= WHAT THIS TASK INVOLVES =
What is needed is an exact reproduction of the lines in the records below, starting at the line with "El dormitorio con" and ending at the line with "Aldet outdoor solar", both included, and nothing else; pictures stay out.

= EXERCISE DATA =
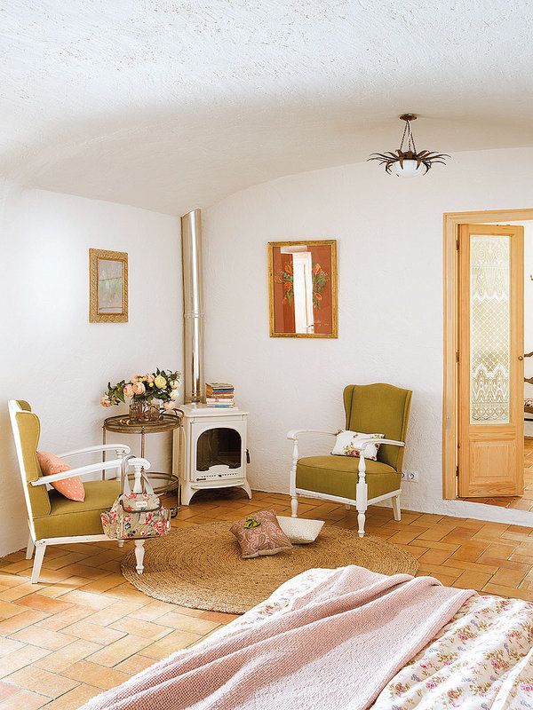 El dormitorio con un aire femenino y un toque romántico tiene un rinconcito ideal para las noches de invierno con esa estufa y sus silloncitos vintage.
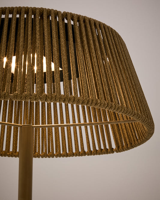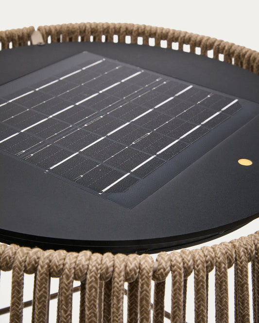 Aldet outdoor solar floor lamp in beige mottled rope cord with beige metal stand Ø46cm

==

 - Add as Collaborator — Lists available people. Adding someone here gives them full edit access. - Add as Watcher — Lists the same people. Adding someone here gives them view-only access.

---

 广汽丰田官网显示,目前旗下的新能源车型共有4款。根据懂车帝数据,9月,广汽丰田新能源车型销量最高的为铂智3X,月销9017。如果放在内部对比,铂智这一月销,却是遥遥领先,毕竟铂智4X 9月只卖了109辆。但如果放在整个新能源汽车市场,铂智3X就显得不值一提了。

= RESPONSE TO THE EXERCISE =
 El dormitorio con un aire femenino y un toque romántico tiene un rinconcito ideal para las noches de invierno con esa estufa y sus silloncitos vintage.
 Aldet outdoor solar floor lamp in beige mottled rope cord with beige metal stand Ø46cm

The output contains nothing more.